__Exercise directions__
Repeat only these lines, exactly: the first line of the data, the line containing "Cudny komplet, uszyty", and every line between them. Pictures stay out.

☆ ☆ ☆ ☆ ☆ ☆ ☆

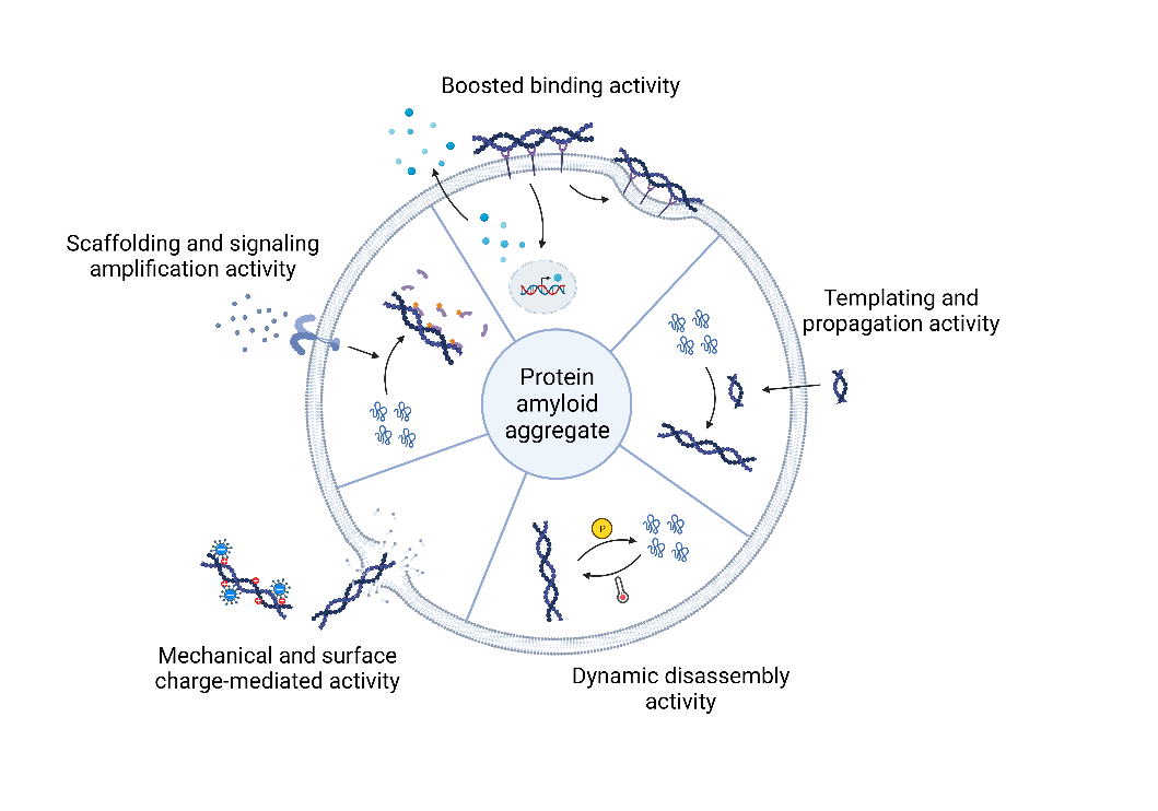 图2. 淀粉样蛋白纤维聚集体具备的不同生理或病理活性
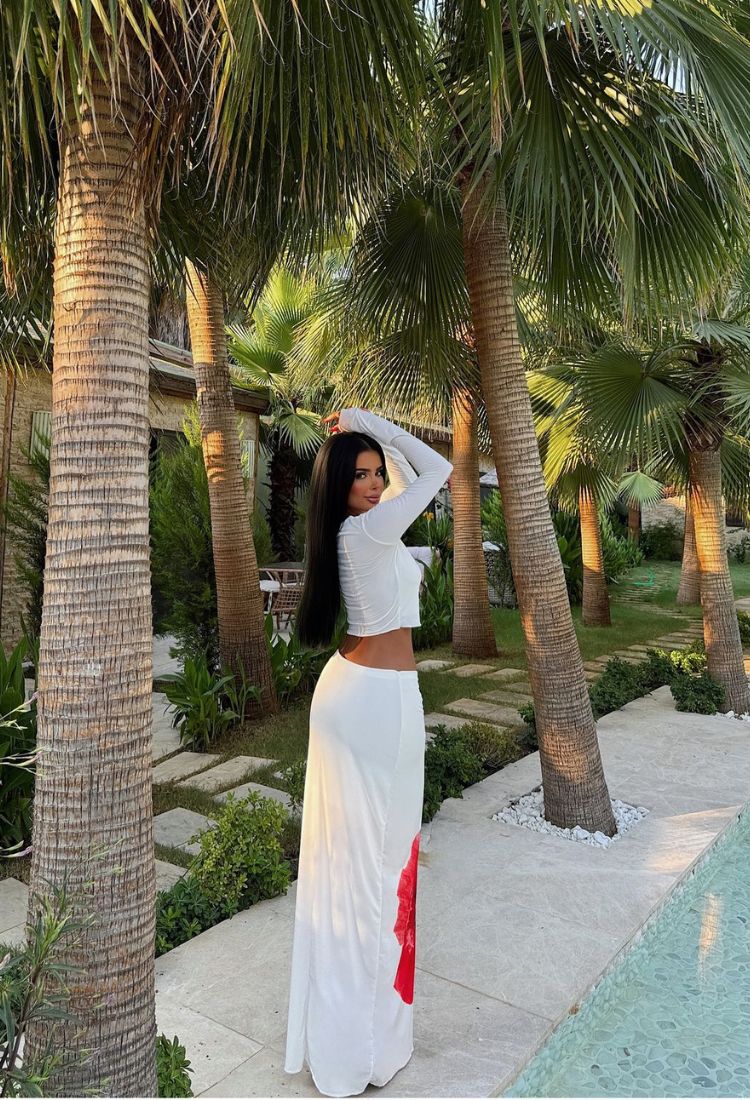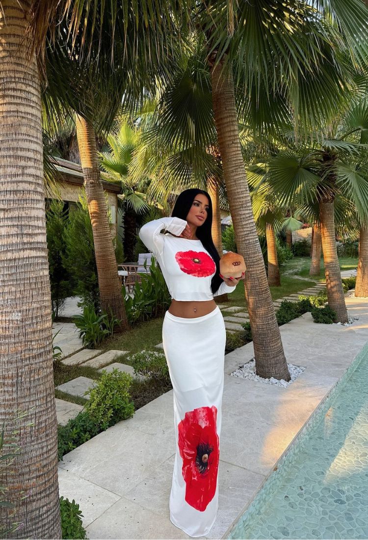 Cudny komplet, uszyty z wysokiej jakości materiału o nie tuzinkowej delikatności w materiale. Bluzka na długi siateczkowy rękaw z dużym makiem na przodzie i długa spódnica. Komplet na każda okazje. Jakość premium
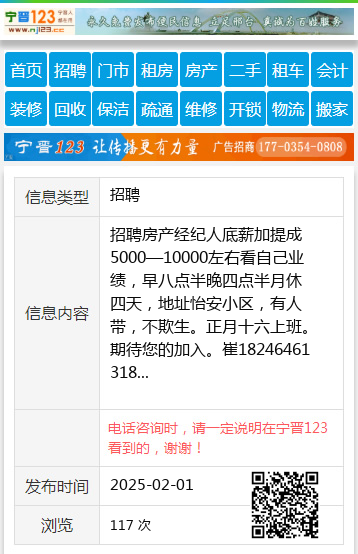 招聘房产经纪人底薪加提成5000—10000左右看自己业绩,早八点半晚四点半月休四天,地址怡安小区,有人带,不欺生。正月十六上班。期待您的加入。崔18246461318 【电话咨询时,请一定说明在七台河信息网看到的,谢谢!】 |
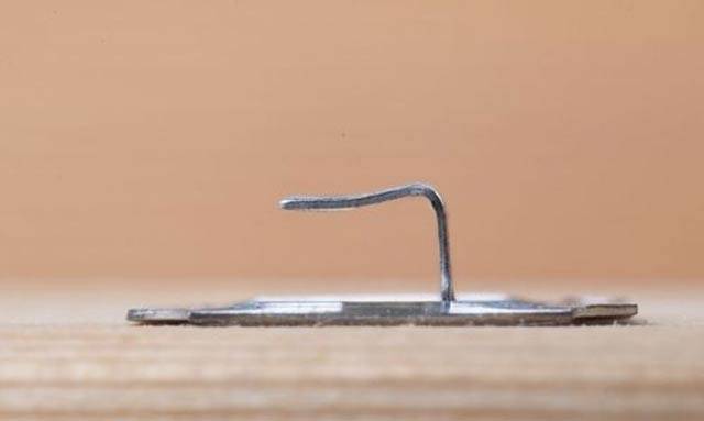 Подбор скоб осуществляется по толщине панелей. Существуют различные кляймеры, которые классифицируются по высоте подъема язычка – отступа, в который устанавливается лист вагонки. Это скрытое крепление идеально подходит для установки парной вагонки в бане или жилых помещениях.
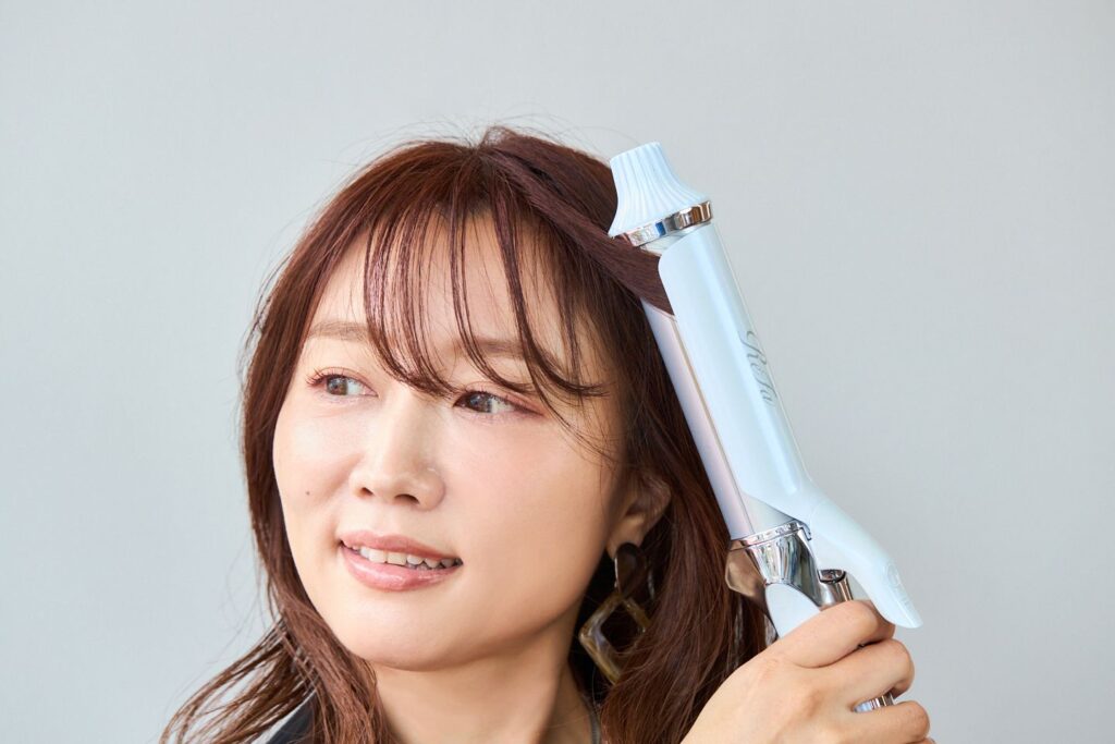 「アイロンは直径38mmの太めのものを使って、自然な動きを出すのがおすすめです。レイヤーを生かしてナチュラルな動きを出していって」

☆ ☆ ☆ ☆ ☆ ☆ ☆

__Solution to this exercise__
 图2. 淀粉样蛋白纤维聚集体具备的不同生理或病理活性
 Cudny komplet, uszyty z wysokiej jakości materiału o nie tuzinkowej delikatności w materiale. Bluzka na długi siateczkowy rękaw z dużym makiem na przodzie i długa spódnica. Komplet na każda okazje. Jakość premium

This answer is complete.